2. The method of claim 1, further including disposing a biocompatible coating over the first electrode.

3. The method of claim 1, further including disposing a clean fluid in the device between the first electrode and the sample.

4. The method of claim 1, further including rinsing the device with a first clean fluid after disabling the voltage potential difference.

5. The method of claim 4, further including analyzing the first clean fluid for tumor cells captured from the sample by the device.

6. The method of claim 4, further including rinsing the device with a second clean fluid prior to disabling the voltage potential difference.

7. The method of claim 1, further including providing the device to include a serpentine fluid pathway between the first electrode and second electrode.

8. A method of analyzing a sample, comprising:

generating an electric field within a device;

disposing the sample within the device and exposed to the electric field; and

removing the sample from the device.

9. The method of claim 8, further including generating the electric field between a first electrode and a second electrode.

10. The method of claim 9, further including disposing a biocompatible coating over the first electrode.

11. The method of claim 9, further including disposing a clean fluid in the device between the first electrode and the sample.

12. The method of claim 9, further including:

removing a portion of the first electrode after removing the sample from the electric field; and

observing the portion of the first electrode using a microscope.

13. The method of claim 8, further including:

disabling the electric field after removing the sample; and

disposing a clean fluid within the device after disabling the electric field.

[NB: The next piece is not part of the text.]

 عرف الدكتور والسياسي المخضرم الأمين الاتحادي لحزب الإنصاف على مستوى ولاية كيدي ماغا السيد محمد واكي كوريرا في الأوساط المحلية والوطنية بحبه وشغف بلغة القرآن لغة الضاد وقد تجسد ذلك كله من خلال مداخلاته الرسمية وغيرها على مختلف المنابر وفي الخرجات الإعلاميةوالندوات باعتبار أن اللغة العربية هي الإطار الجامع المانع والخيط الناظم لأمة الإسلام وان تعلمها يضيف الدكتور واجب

14. The method of claim 13, further including:

removing the clean fluid from the device; and

counting a number of molecules from the sample that are in the clean fluid.

15. The method of claim 8, further including adding a substance to the sample to control a dielectric constant of the sample.

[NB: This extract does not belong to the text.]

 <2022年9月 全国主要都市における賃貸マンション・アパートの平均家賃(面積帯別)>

16. A medical device, comprising:

a first electrode;

a second electrode;

a voltage source coupled between the first electrode and second electrode; and

a first fluid pathway disposed between the first electrode and second electrode.

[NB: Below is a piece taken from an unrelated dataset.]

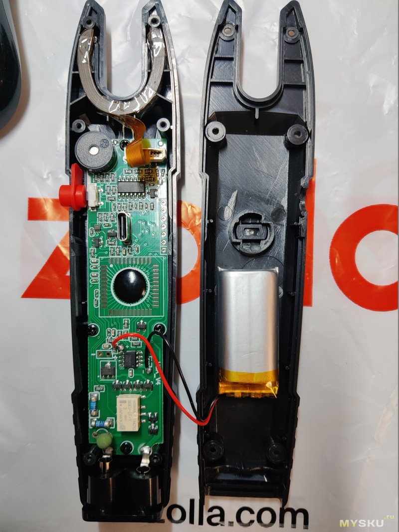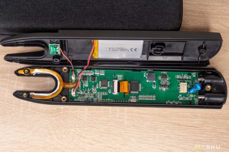 Внутри губок находится шлейф с несколькими контурами. Снизу он залит герметиком, так что не понятно куда уходят концы. В левом «ушке» есть дополнительный участок для бесконтактного обнаружения напряженности.

17. The medical device of claim 15, wherein the first fluid pathway includes a serpentine shape.

18. The medical device of claim 15, further including a plurality of first fluid pathways disposed between the first electrode and second electrode.

19. The medical device of claim 15, further including a second fluid pathway disposed between the first fluid pathway and the first electrode.

20. The medical device of claim 19, further including a mesh disposed between the first fluid pathway and second fluid pathway.